● **Stored data**
────────────────

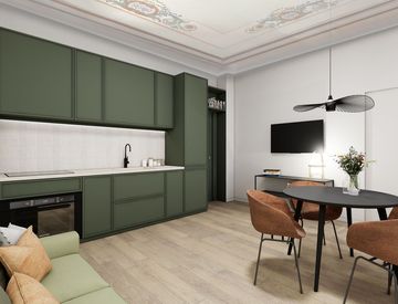 All’ingresso si viene accolti da un’ampia zona giorno open space, con cucina su misura dalle linee essenziali e una luminosa area living che si affaccia sull’esterno, perfetta per momenti di relax o convivialità. I soffitti alti decorati con affreschi originali donano un carattere unico e un fascino senza tempo a ogni ambiente.
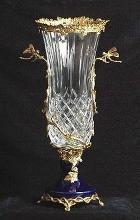 ITALIAN CRYSTAL & PORCELAIN VASE - COBALT PORCELAINBASE - HAND CUT CRYSTAL, BRASS BASE, RIM AND ACCENTS - 18.5L" x 7W" x 9.5H"
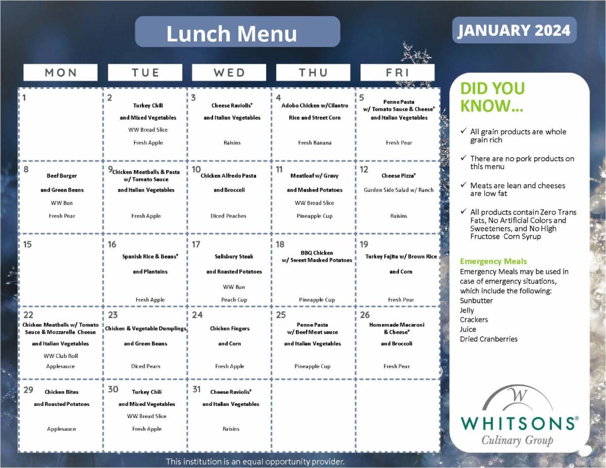 Lunch Menu for Aston, CTE, Madison, CTR, and Sharon HIll | |

────────────────

● **What you should do**
Leave out the pictures and repeat the remaining data exactly.

● **Answer box**
 All’ingresso si viene accolti da un’ampia zona giorno open space, con cucina su misura dalle linee essenziali e una luminosa area living che si affaccia sull’esterno, perfetta per momenti di relax o convivialità. I soffitti alti decorati con affreschi originali donano un carattere unico e un fascino senza tempo a ogni ambiente.
 ITALIAN CRYSTAL & PORCELAIN VASE - COBALT PORCELAINBASE - HAND CUT CRYSTAL, BRASS BASE, RIM AND ACCENTS - 18.5L" x 7W" x 9.5H"
 Lunch Menu for Aston, CTE, Madison, CTR, and Sharon HIll | |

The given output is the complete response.